CPT code 26035 is used to describe a surgical procedure that involves decompressing the fingers or hand. This typically means relieving pressure on nerves or tendons that may be causing pain, numbness, or restricted movement. The procedure can involve cutting or releasing tight structures within the hand or fingers to improve function and alleviate symptoms.

Does CPT 26035 Need a Modifier?

When billing for CPT code 26035 (Decompress fingers/hand), it is important to consider the appropriate use of modifiers to ensure accurate reimbursement and compliance with payer requirements. Below is a list of potential modifiers that could be used with CPT code 26035, along with the reasons for their use:

1. Modifier 22 - Increased Procedural Services
- Use this modifier if the procedure required significantly greater effort or complexity than typically required.

2. Modifier 50 - Bilateral Procedure
- Apply this modifier if the decompression procedure was performed on both hands or both sides of the body during the same session.

3. Modifier 51 - Multiple Procedures
- Use this modifier when multiple procedures, other than E/M services, are performed by the same provider during the same session.

4. Modifier 52 - Reduced Services
- Apply this modifier if the procedure was partially reduced or eliminated at the physician's discretion.

5. Modifier 59 - Distinct Procedural Service
- Use this modifier to indicate that the decompression procedure was distinct or independent from other services performed on the same day.

6. Modifier 76 - Repeat Procedure by Same Physician
- Apply this modifier if the same procedure was repeated by the same physician on the same day.

7. Modifier 77 - Repeat Procedure by Another Physician
- Use this modifier if the procedure was repeated by a different physician on the same day.

8. Modifier 78 - Unplanned Return to the Operating/Procedure Room by the Same Physician Following Initial Procedure for a Related Procedure During the Postoperative Period
- Apply this modifier if the patient required an unplanned return to the operating room for a related procedure during the postoperative period.

9. Modifier 79 - Unrelated Procedure or Service by the Same Physician During the Postoperative Period
- Use this modifier if the decompression procedure was performed during the postoperative period of another, unrelated procedure.

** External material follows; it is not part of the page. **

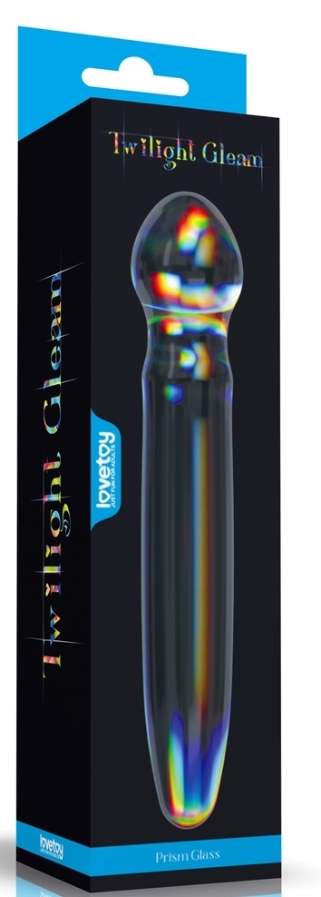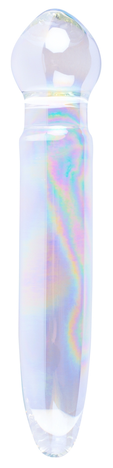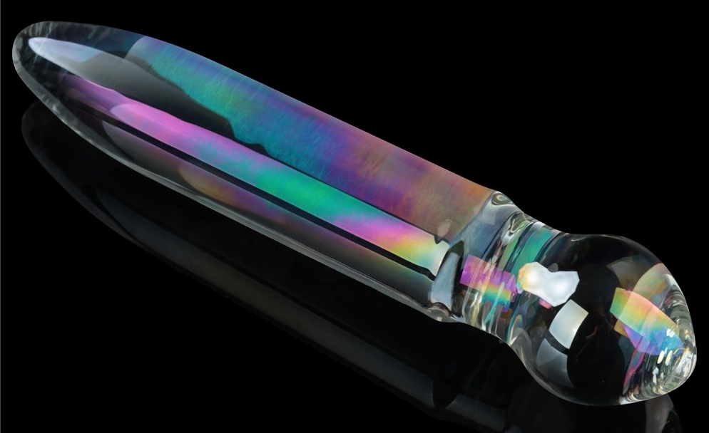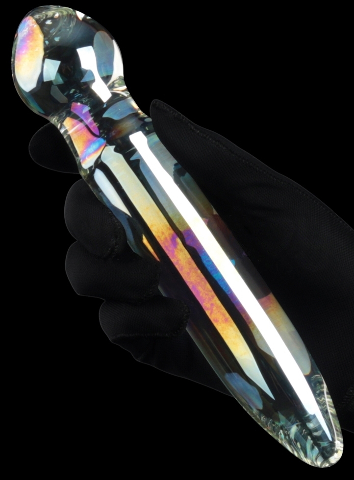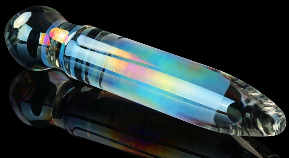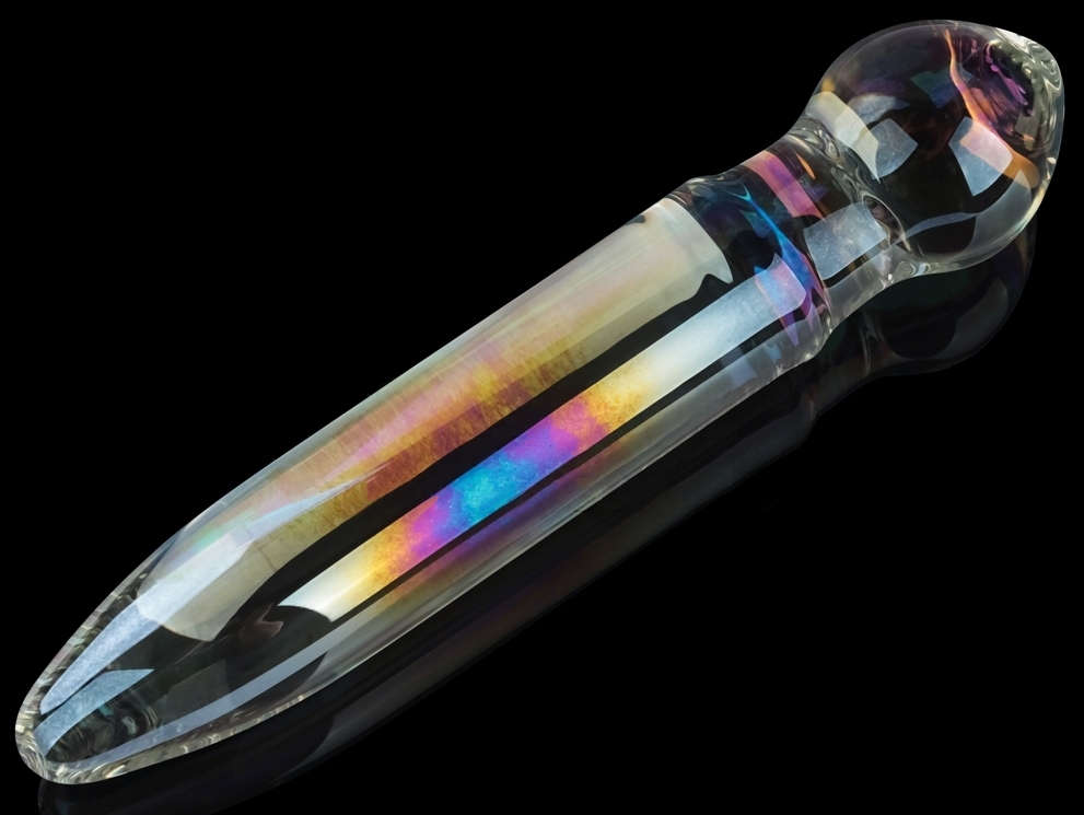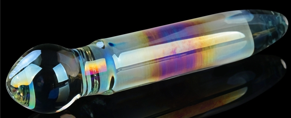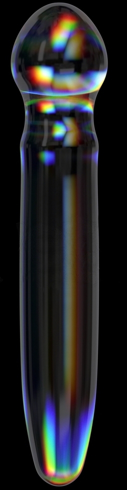 Gode en verre avec reflet de diverses couleurs. Forme de goutte à une extrémité d’un diamètre de 3.7 cm. Tige droite de l’autre côté de 3 cm finissant en pointe. Dimensions : Longueur totale de 18 cm. Largeur de 3 à 3.7 cm. En verre borosilicate.

10. Modifier LT - Left Side
- Apply this modifier if the decompression procedure was performed on the left hand.

11. Modifier RT - Right Side
- Use this modifier if the decompression procedure was performed on the right hand.

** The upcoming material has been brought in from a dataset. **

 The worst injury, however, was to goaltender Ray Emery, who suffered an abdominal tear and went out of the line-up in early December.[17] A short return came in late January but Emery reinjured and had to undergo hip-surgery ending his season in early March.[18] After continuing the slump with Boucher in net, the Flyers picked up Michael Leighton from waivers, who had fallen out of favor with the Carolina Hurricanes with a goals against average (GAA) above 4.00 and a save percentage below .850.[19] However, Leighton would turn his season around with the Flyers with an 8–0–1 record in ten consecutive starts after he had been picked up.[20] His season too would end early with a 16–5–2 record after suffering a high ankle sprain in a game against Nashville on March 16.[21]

12. Modifier XS - Separate Structure
- Apply this modifier to indicate that the decompression procedure was performed on a separate anatomical structure from other procedures performed on the same day.

By correctly applying these modifiers, healthcare providers can ensure that their claims are processed accurately and that they receive appropriate reimbursement for the services rendered.

CPT Code 26035 Medicare Reimbursement

CPT code 26035 is reimbursed by Medicare, but it is essential to verify the specific reimbursement details through the Medicare Physician Fee Schedule (MPFS). The MPFS provides a comprehensive list of services covered by Medicare and their corresponding payment rates. Additionally, reimbursement can vary based on the region and the specific Medicare Administrative Contractor (MAC) overseeing claims in that area. Therefore, it is advisable to consult the relevant MAC for precise information on the reimbursement rate and any specific billing requirements for CPT code 26035.